As a European, I'm used to paying more for devices, software, subscriptions and other digital goods. If you compare the pricing, it appears that most company's simply replace $ with €/£ when it comes to offering goods in the European Union.

Europe is not alone when it comes to ridiculous pricing. Australia, Japan, Brazil and people from other countries around the globe experience the same issues.

Google announced the Nexus 5X and Nexus 6P officially yesterday. I had my eyes set on the Nexus 5X even though it's hardware specs were not overly good and its screen was larger than 5".

The announcement of both devices was uneventful for the most part. Google made it clear that users from the US, UK, Ireland and Japan can pre-order both devices right now while it is being made available in other regions later.

If you check the pre-order pricing of both devices, you will notice a big jump between the US price and the price in the UK, Ireland and Japan.

Device US Ireland € to $ Difference
Nexus 5X 16GB $379 € 479 $538 $159
Nexus 5X 32GB $429 € 529 $594 $165
Nexus 6P 32GB $499 € 649 $729 $230
Nexus 6P 64GB $549 € 699 $786 $237
Nexus 6P 128GB $649 € 799 $898 $249

I could not get the price for all devices in Pound unfortunately but the base price suggests that the pricing is a bit better than the price in Euro but not by much.
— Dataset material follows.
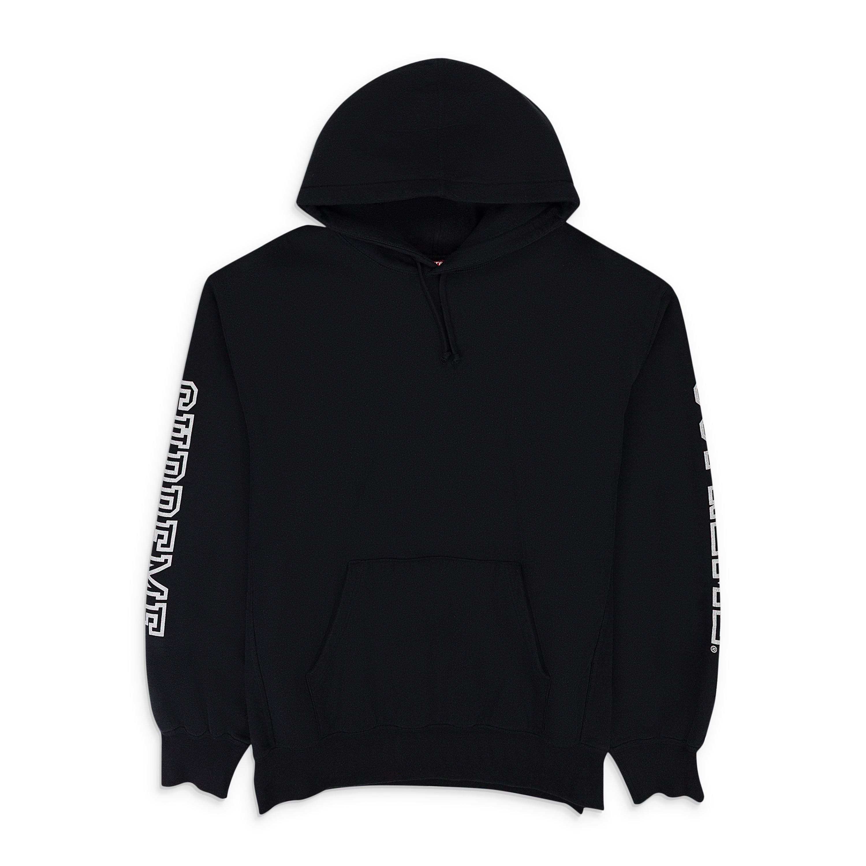 BLACK STACKED VARSITY HOODIE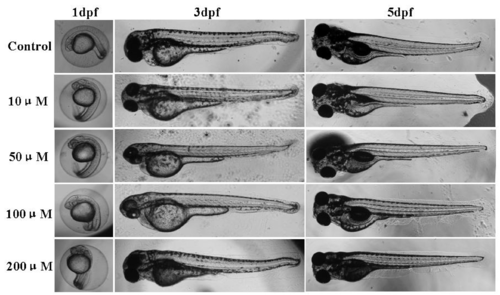 Effects of micrometam C on morphological changes of zebrafish embryo. Representative photographs of the morphological changes of the embryos treated with different concentrations of the micrometam C were taken. Experiments were performed in triplicate Morphological changes are not different among different groups. |

The base price for the Nexus 5X in the UK is £339, the base price for the Nexus 6P is £449. That's $514 for the Nexus 5X when converted and $680 for the Nexus 6P.

Part of the difference may be explained by the US sales tax that gets added to the price while it is included in the price in most countries.

Still, a difference between $159 to $249 for devices starting at $379 is quite a jump. The higher price puts the Nexus line of phones in direct competition with higher priced phones in Europe, for instance Samsung's Galaxy S6 which starts at €528 with 32GB of storage space, the Motorola Moto X Style with 32GB starting at €499 or the LG G4 with 32GB starting at €420.

If you compare specs and pricing, then you may come to the conclusion that there are better deals out there for the same or even a lower price.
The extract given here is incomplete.